There’s a problem here

The tech industry is filled with people who do not respect scientific inquiry.

At most every company I’ve worked for, there have been coworkers who held beliefs that seemed antithetical to what I expect from the tech savvy. I equate tech-specific knowledge with general scientific knowledge, and that hasn’t been the case. Some previous examples that contradicted my expectation: a Young Earth creationist who worked on low-level hardware drivers, a CTO who proudly told the company how his wife prayed for, and contributed to, a fix to some server downtime, another CTO and a lead developer who felt the scientists behind the New Horizons mission “knew nothing,” and the manymany who didn’t believe in anthropogenic climate change. The New Horizons insult coming from programmers about other, better programmers was stunning, but the downtime prayer was particularly insulting since it insulted those who worked long overtime hours to actually troubleshoot and fix the issue. Religion was a key factor in all of these, but it doesn’t diminish my shock at such prejudice coming from tech people. It does diminish pride in my profession.

More recent mania has been coming in the form of junk science beliefs from sources that use loose cherry-picking of data to build a, let’s say, non-canonical picture of the natural world.

One subject discussed was based on the common belief that natural equals good and man-made equals bad–or at least less good. This is a noble savage approach to our interactions with the environment. Do we go through periods on the man-made of over-optimism (early 1900s utopianism or late 1950s plastics/drugs/space mania) and of excessive mistrust (the late 1800s Arts and Crafts movement, the 1960s return-to-nature)? The article Manmade or natural, tasty or toxic, they’re all chemicals … (where the image at the bottom was taken) explains the nuance of categorizing what is healthy and not. The split rings of natural/man-made and their 90-degree rotated overlap with toxic/non-toxic is a clean, clear shorthand for the messy reality. Not exact, but more correct that not. Natural can be deadly and man-made can be healthy.

Similarly, there was a discussion on the health and provenance of current dietary choices. This is a subject frequently examined in American culture through decades and multiply at any point in time… does this obsessive-like behavior exist in any other country? So there’s a documentary called What the Health that criticizes the reasoning behind and validity of common choices of food consumption.

I have not watched it.

I have, however, read the rebuttal from Vox titled Debunking What the Health, the buzzy new documentary that wants you to be vegan.
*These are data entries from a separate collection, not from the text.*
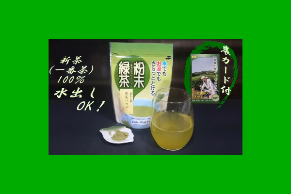 新茶100%、抹茶不使用なので、新茶の旨味、香りを十分味わっていただける粉末緑茶です。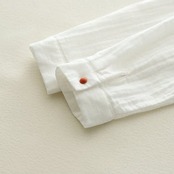 ブラウス シャツ 長袖 レディース シャツブラウス 春 夏 ブラウス フリル 立ち襟 白シャツ おしゃれ 長袖シャツ トップス 綿シャツ 綿 コットン ガーゼ 2重ガーゼ 無地 ボタン 赤い釦 通勤
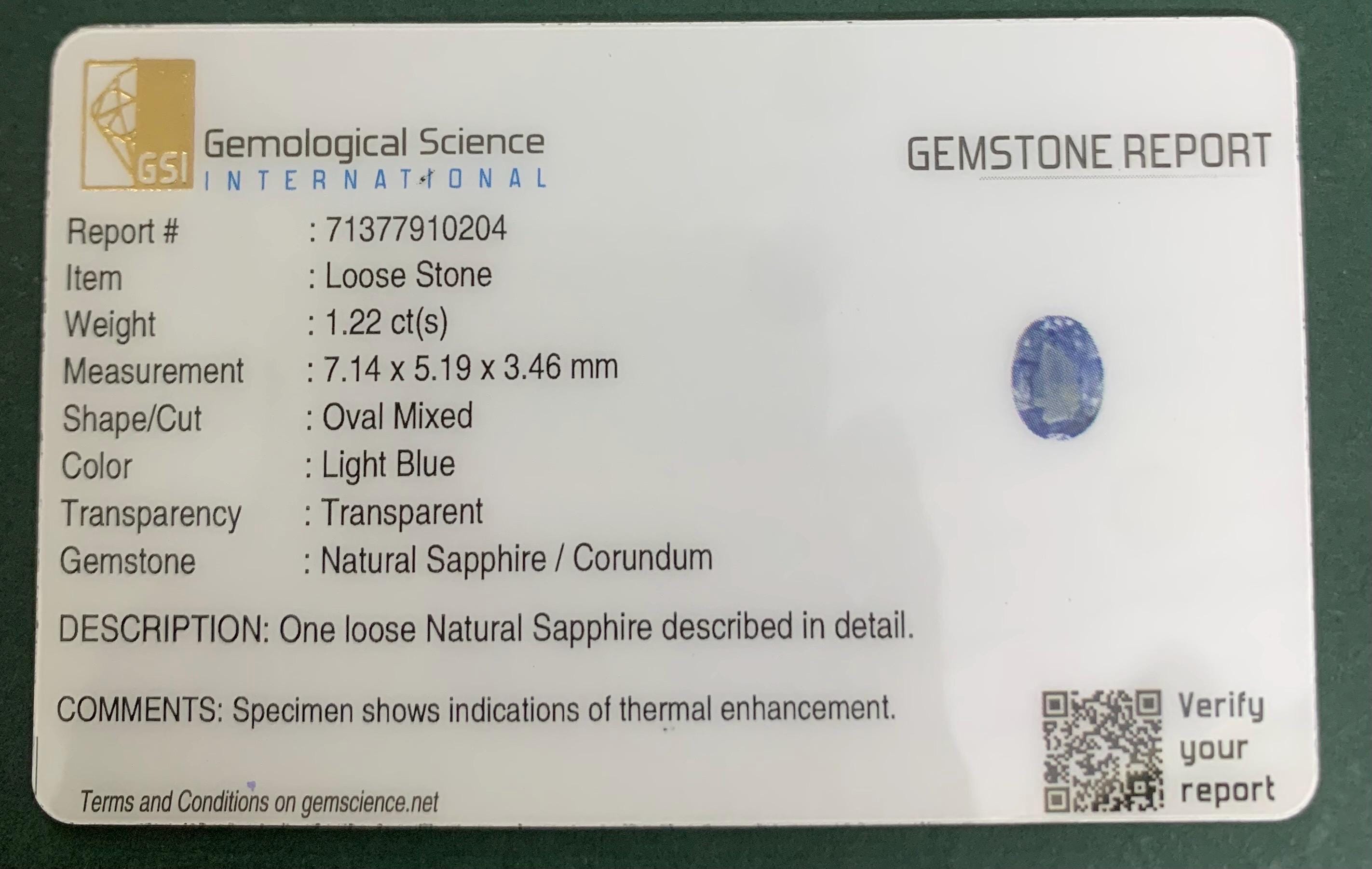 GSI Certified Natural Pastel Blue Sapphire | Oval Cut Faceted Loose Gemstone | 1.22 Carat for Jewelry Making | September Birthstone -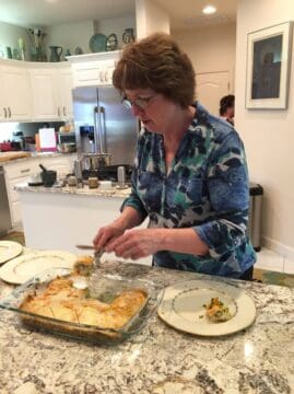 Betsy Hase serves the butternut squash lasagne that she prepared
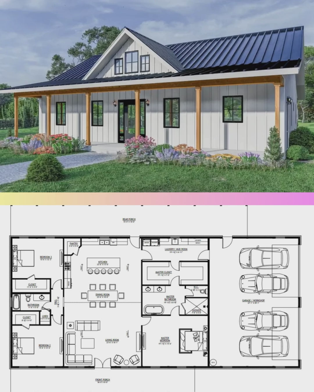 For more barndominium floor plans, check out our complete collection of 3-bedroom barndominium floor plans.

It argues that the documentary is filled with cherry-picked details from WHO research and exaggerations of results. An extended section:

The film is filled with bad gotcha journalism
Abuses of science aside, Andersen also repeatedly engages in poorly executed gotcha journalism in an attempt to suggest patient groups are trying to cover up the truth about diet he’s stumbled upon.

On numerous occasions during the film, he calls these groups, such as Susan G. Komen or the American Heart Association, which he correctly points out often take money from the food industry. He then asks receptionists long-winded and detailed questions about nutrition science. When the receptionists, caught off guard, say they can’t answer his questions, Andersen huffs in frustration, apparently hoping to imply there’s a conspiracy afoot.

In another instance, Andersen interviews an official at the American Diabetes Association who won’t get specific with him on diet because, he says, the research doesn’t support very specific claims. Andersen also reads this as a conspiracy.

There’s no doubt food companies have distorted nutrition science and health research, and have tried to influence health guidelines and the lifestyle advice people get. Patient groups like the ADA and the American Heart Association do have deep ties to industry, as I’ve reported. But Andersen’s pseudo-sting operations are silly and reveal nothing of these facts. They also offer no evidence that disease groups are engaged in a vegan cover-up.

I may just be rigid in my adherence to the rigors of science but, of course, I don’t believe so.